Dynamics and metabolics of the medial gastrocnemius and soleus muscles during running at 2 m/s.

Simulated muscle activations, fiber lengths, and fiber velocities (top row) and outputs from our model of muscle energetics (bottom row) for the right medial gastrocnemius (a) and soleus (b) muscles are shown over the gait cycle. Our model of muscle energetics predicted the rate of heat generation due to sarcoplasmic reticular ion transport and actin–myosin interaction (activation and maintenance heat rate), the rate of heat generation due to shortening and lengthening of the fibers, and the mechanical power of the fibers [37]. The mean (line) and standard deviation (shaded region) are shown for the seven rearfoot-striking subjects when low (2% strain at Fmax; orange) and high (10% strain at Fmax; blue) tendon compliances were used.

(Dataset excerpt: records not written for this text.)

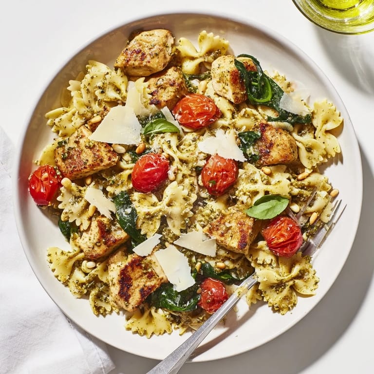 Save to Pinterest A vibrant, flavorful pasta dish featuring tender chicken, bowtie pasta, and a creamy basil pesto sauceβperfect for a quick weeknight dinner.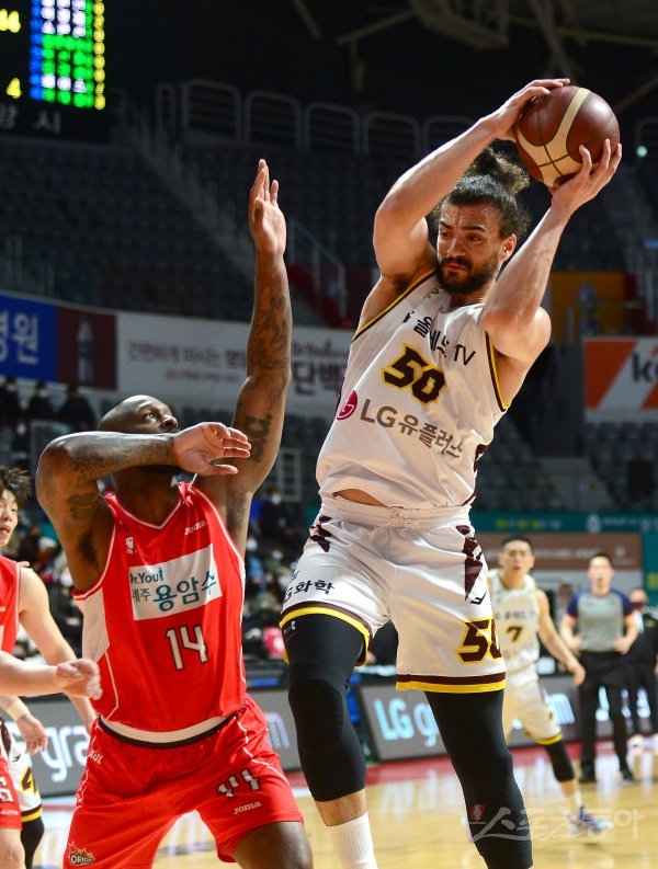 7일 고양체육관에서 열린 ‘2021-2022 프로농구’ 5위 오리온과 6위 LG 경기에서 LG 아셈 마레이가 리바운드 볼을 잡고 있다.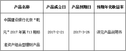 关于中国建设银行北京“乾元”2017年第713期标准资产组合型理财产品成立的公告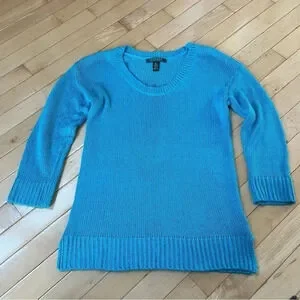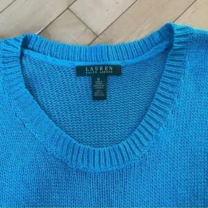 Lauren Ralph Lauren Sweater Women's Medium Blue Loose Knit 3/4 Sleeve Pullover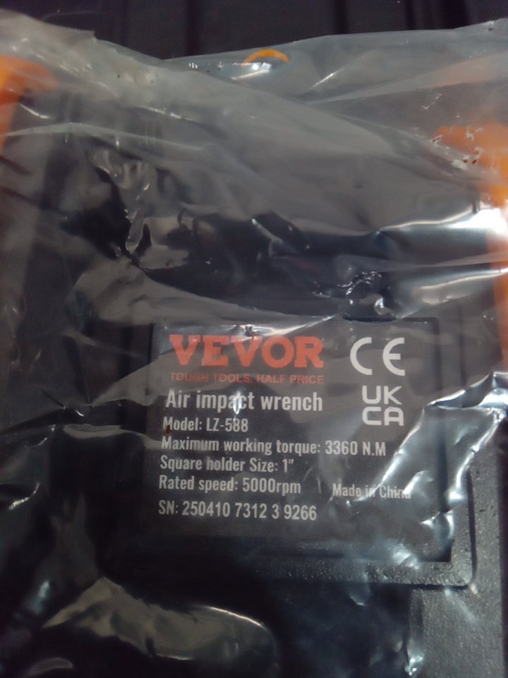 vevor heavy duty pneumatic air impact gun wrench with carrying case - 1" - 8" extended anvil - up to 3360nm - black/orange (model: lz-588)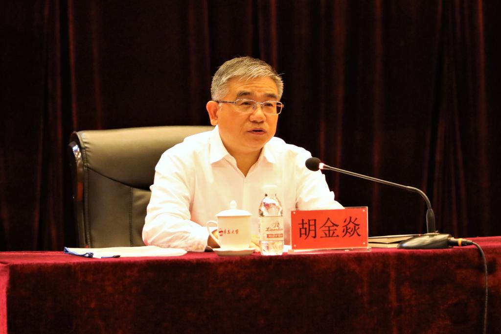 新闻网讯 6月14日上午,校党委书记、主题教育领导小组组长胡金焱以“深入学习贯彻习近平新时代中国特色社会主义思想 谱写以党的建设引领高质量发展的青大篇章”为题为全校处级以上领导干部讲授专题党课。省委第二十四巡回指导组成员孙飞到会指导,校长夏东伟主持。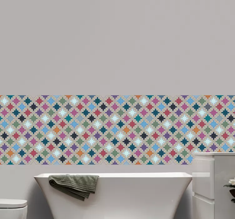 Pozdravljeni! Predstavljamo vam Colorful geometric tiles dekorativna nalepka, ki bo vašo notranjost obogatila z živahnimi geometrijskimi vzorci. Barvite ploščice, ki jih odlikujejo čudoviti vzorci in elegantne meje, bodo dodale edinstven pečat vsakemu prostoru. Oblikovanje te nalepke je zasnovano tako, da pritegne pozornost in ustvari prijetno vzdušje, kjerkoli jo namestite. Ne glede na to, ali želite osvežiti svoj dom ali dodati barvit pridih pisarni, bo ta dekorativna nalepka prava izbira!

When tendons were very compliant, the soleus fibers were operating nearly isometrically during stance, thereby reducing the average shortening and lengthening heat rate predicted by the energetics model (from 128 to 61 mW/kg). In contrast, the medial gastrocnemius fibers were operating far from their optimal lengths during stance when tendons were very compliant, thereby requiring greater activation to generate a similar plantarflexion moment and increasing the average activation and maintenance heat rate (from 38 to 57 mW/kg).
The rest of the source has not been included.